Plusieurs milliers de milliards de dollars ont déjà été investis dans l’intelligence artificielle à l’échelle mondiale (on parle fréquemment de 2500 à 4000).
Si l’on prolonge les tendances actuelles, on peut raisonnablement anticiper qu’environ 10 000 milliards auront été investis d’ici 2030 – soit près de 10 % du PIB mondial actuel.
On parle de 6700 mds de dollars d’investissement supplémentaires, rien que pour les datacenters.
L’IA génère indéniablement de la productivité ; mais quel niveau de productivité faudrait-il pour que ces investissements deviennent rentables ?
Note Par ailleurs ces gains de productivité auront pour contreparties des couts d’externalité qu’il est impossible de chiffrer à ce stade. Quid des conséquences sociales et économiques en général de ces gains de productivité?

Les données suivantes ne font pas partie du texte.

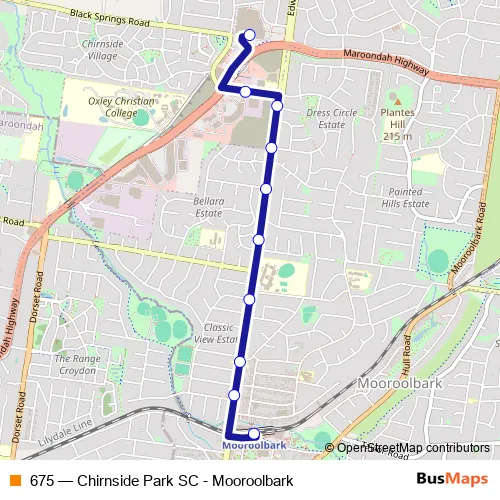 The first stop of the 675 bus route is Mooroolbark Station/Brice Ave and the last stop is Chirnside Park SC/Maroondah Hwy. 675 (Chirnside Park SC - Mooroolbark) is operational during entre semana.

Il faut au préalable aussi avoir à l’esprit que les acteurs qui financent cela le font au travers de systèmes à maturation de moyen terme (5 à 7 ans typiquement), ce qui nécessite un recyclage régulier des capitaux, ce qui à chaque fois induit une réévaluation des besoins de profitabilité.
Si l’on suppose que la valeur créée par l’IA se répartira pour un tiers vers les fournisseurs de technologies (pelles, pioches incluses) et pour deux tiers vers les utilisateurs, alors pour que les investisseurs récupèrent 10 000 milliards, il faudrait que l’IA génère 30 000 milliards de richesse supplémentaire à l’horizon 2030.
Mais avec un coût du capital de 7 %, ce montant doit être relevé de 50 % supplémentaires pour compenser la charge financière et le risque associé.
Autrement dit, les systèmes d’IA devraient produire 45 000 milliards d’activité économique additionnelle en quelques années. Rapporté au PIB mondial attendu pour 2030 (environ 140 000 milliards), cela reviendrait à une hausse de productivité globale d’environ 30 %, soit un rythme moyen de 5 % par an — un niveau historiquement sans précédent, y compris dans les grandes révolutions industrielles.
C’est donc hautement improbable : quand bien même les technologies deviendraient extrêmement véloces et performantes, la recherche économique nous apprend que les temps de diffusion dans le réel des innovations sont incomparablement plus long que ce que l’on suppose généralement.
L’argument « this time, it’s different » a été largement démonté à l’égard de l’IA. Il ne s’agit pas ici de contester la réalité de la révolution IA, mais sa vitesse.
La Valley est remplie de gens dont le premier talent est de savoir remarquablement bien mettre en valeur et la conséquence la plus directe est que ce qui est là bas au loin semble, par un effet hypnotique, là, ici, tout près.